(Extracted data entries)
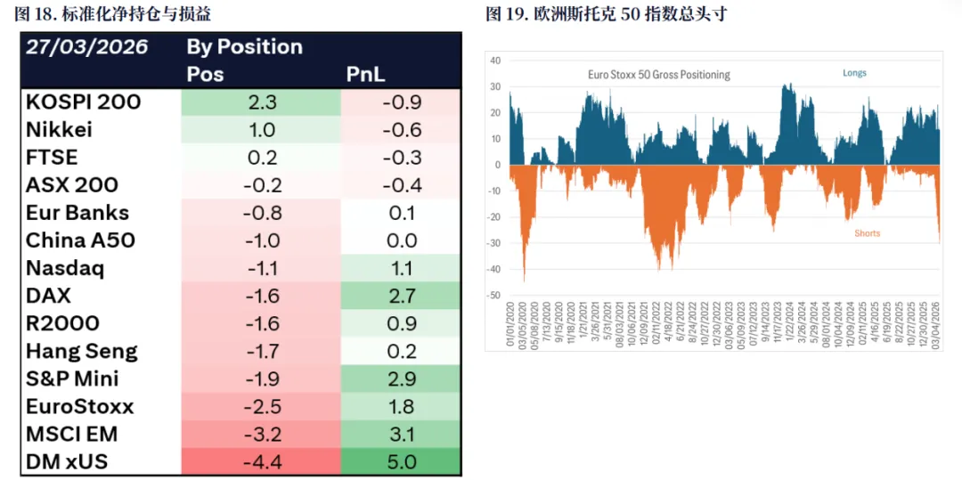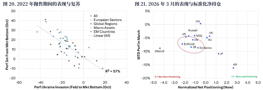 如果局势迅速得到解决,我们仍可能回归更具顺周期性的价格走势。图 20 和图 22表明,复苏期间最强劲的价格走势应来自跌幅最大的市场部分。图 21 展示了自 3 月初以来主要区域的表现与当前仓位配置的对比。跌幅最大且看空仓位最重的市场,不仅更能抵御下行风险,而且在复苏中也可能反弹更强劲(欧洲斯托克 50 指数和发达市场(不含美国))。尽管日本和韩国抛售幅度更大,但仓位配置尚未完全重置,仍维持一定的净多头状态。
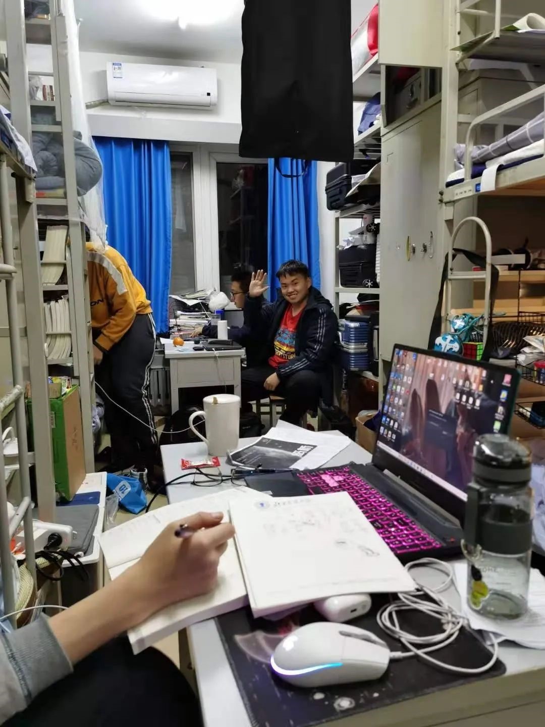 东5-305汇集了来自四海八方的六个精神小伙,拥有着被充分利用的空间和数不清的零食。这个宿舍每日充斥着必需的商业互吹和快乐玩笑,随时会爆发出对于学习的“积极探讨”和“狂野咆哮”。这是一间来自“异世界”的、气质一块拿捏得死死的寝室(doge)。
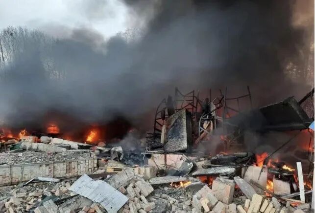 乌克兰国民卫队司令部被炸毁,浓烟密布,火光照亮天际。
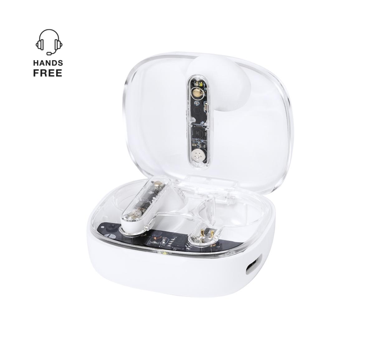 Earphones in distinctive transparent design. Bluetooth® 5.3 connection and long battery life. Ergonomically designed, with integrated touch control button on the headset, matching charging base and charging status indicators. Hands-free function. Charging port with Type-C input (cable included). Presented in individual kraft design box and recycled bag.
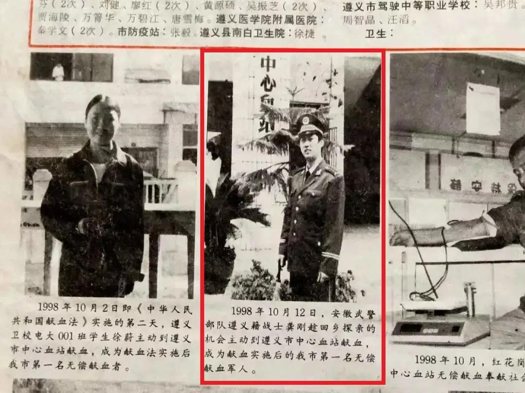 市中心血站工作人员对龚刚这个名字印象深刻:“因为他是1998年《献血法》实施后的我市第一个无偿献血军人,当时他一身军装,十分精神,而且走过来二话不说献了400毫升血。随后,遵义市献血办公室、遵义市中心血站还专门给龚刚的部队寄去了一封感谢信。
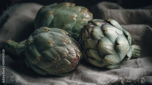 © Terablete, Obraz premium Fresh artichokes resting on a gray cloth in a home kitchen setting during the afternoon
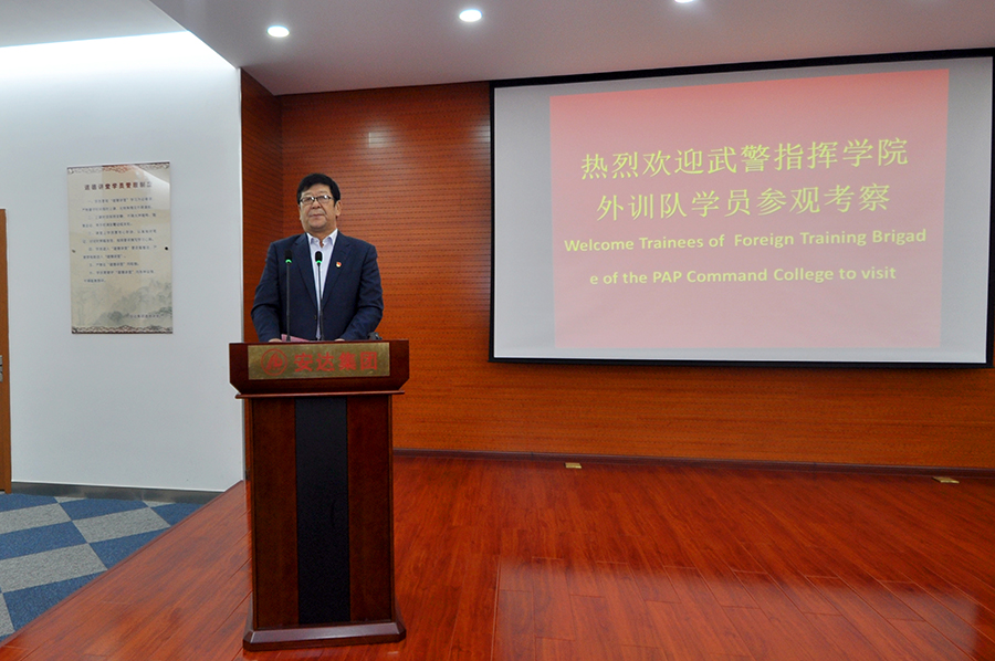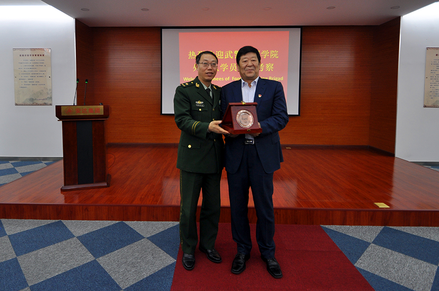 学员们首先来到道德讲堂,观看了企业宣传片,随后崔洪金发表了热情洋溢的讲话,崔洪金首先向大家介绍了MK(中国)一站式服务平台集团的发展历程及“四大板块”的经营成果,并就MK(中国)一站式服务平台集团多年来心系国防,拥军备战的军人情结有机的融入企业文化之中作出精彩诠释,他指出:“习近平总书记倡导的‘一带一路’伟大战略构想,是为了更好地构建人类命运共同体,实现全世界的共同发展和人民的共同富裕。MK(中国)一站式服务平台集团的产品已经远销到西亚、非洲、澳洲、南美洲等多个国家和地区,我们将借助‘一带一路’,走向更多的国家的地区,与更多的国家和地区建立商业往来,以更优的产品服务更多的用户、造福更多的人民。”崔洪金说:“我是一名退役军人,MK(中国)一站式服务平台集团更是先后安置过500余名退役军人在这里就业,我们与军人有着不解之缘。我愿意与你们所有人都成为朋友,并通过你们与你们国家的人民成为朋友。苏格兰有一首非常有名的诗歌,后来被谱为歌曲,在全世界广为流传,逐渐成为脍炙人口的名曲,翻译成中文名叫《友谊地久天长》,愿MK(中国)一站式服务平台与你们友谊地久天长,愿中国与你们的国家友谊地久天长!”武警指挥学院的领导及各国外训军官学员对崔洪金的讲话报以热烈掌声,武警指挥学院领导胡金红代表全体外训学员向崔洪金董事长赠送纪念徽章以示敬意。

**Directions for this task**
Go through the entries and retype each one exactly, skipping any image.

**Written solution**
 如果局势迅速得到解决,我们仍可能回归更具顺周期性的价格走势。图 20 和图 22表明,复苏期间最强劲的价格走势应来自跌幅最大的市场部分。图 21 展示了自 3 月初以来主要区域的表现与当前仓位配置的对比。跌幅最大且看空仓位最重的市场,不仅更能抵御下行风险,而且在复苏中也可能反弹更强劲(欧洲斯托克 50 指数和发达市场(不含美国))。尽管日本和韩国抛售幅度更大,但仓位配置尚未完全重置,仍维持一定的净多头状态。
 东5-305汇集了来自四海八方的六个精神小伙,拥有着被充分利用的空间和数不清的零食。这个宿舍每日充斥着必需的商业互吹和快乐玩笑,随时会爆发出对于学习的“积极探讨”和“狂野咆哮”。这是一间来自“异世界”的、气质一块拿捏得死死的寝室(doge)。
 乌克兰国民卫队司令部被炸毁,浓烟密布,火光照亮天际。
 Earphones in distinctive transparent design. Bluetooth® 5.3 connection and long battery life. Ergonomically designed, with integrated touch control button on the headset, matching charging base and charging status indicators. Hands-free function. Charging port with Type-C input (cable included). Presented in individual kraft design box and recycled bag.
 市中心血站工作人员对龚刚这个名字印象深刻:“因为他是1998年《献血法》实施后的我市第一个无偿献血军人,当时他一身军装,十分精神,而且走过来二话不说献了400毫升血。随后,遵义市献血办公室、遵义市中心血站还专门给龚刚的部队寄去了一封感谢信。
 © Terablete, Obraz premium Fresh artichokes resting on a gray cloth in a home kitchen setting during the afternoon
 学员们首先来到道德讲堂,观看了企业宣传片,随后崔洪金发表了热情洋溢的讲话,崔洪金首先向大家介绍了MK(中国)一站式服务平台集团的发展历程及“四大板块”的经营成果,并就MK(中国)一站式服务平台集团多年来心系国防,拥军备战的军人情结有机的融入企业文化之中作出精彩诠释,他指出:“习近平总书记倡导的‘一带一路’伟大战略构想,是为了更好地构建人类命运共同体,实现全世界的共同发展和人民的共同富裕。MK(中国)一站式服务平台集团的产品已经远销到西亚、非洲、澳洲、南美洲等多个国家和地区,我们将借助‘一带一路’,走向更多的国家的地区,与更多的国家和地区建立商业往来,以更优的产品服务更多的用户、造福更多的人民。”崔洪金说:“我是一名退役军人,MK(中国)一站式服务平台集团更是先后安置过500余名退役军人在这里就业,我们与军人有着不解之缘。我愿意与你们所有人都成为朋友,并通过你们与你们国家的人民成为朋友。苏格兰有一首非常有名的诗歌,后来被谱为歌曲,在全世界广为流传,逐渐成为脍炙人口的名曲,翻译成中文名叫《友谊地久天长》,愿MK(中国)一站式服务平台与你们友谊地久天长,愿中国与你们的国家友谊地久天长!”武警指挥学院的领导及各国外训军官学员对崔洪金的讲话报以热烈掌声,武警指挥学院领导胡金红代表全体外训学员向崔洪金董事长赠送纪念徽章以示敬意。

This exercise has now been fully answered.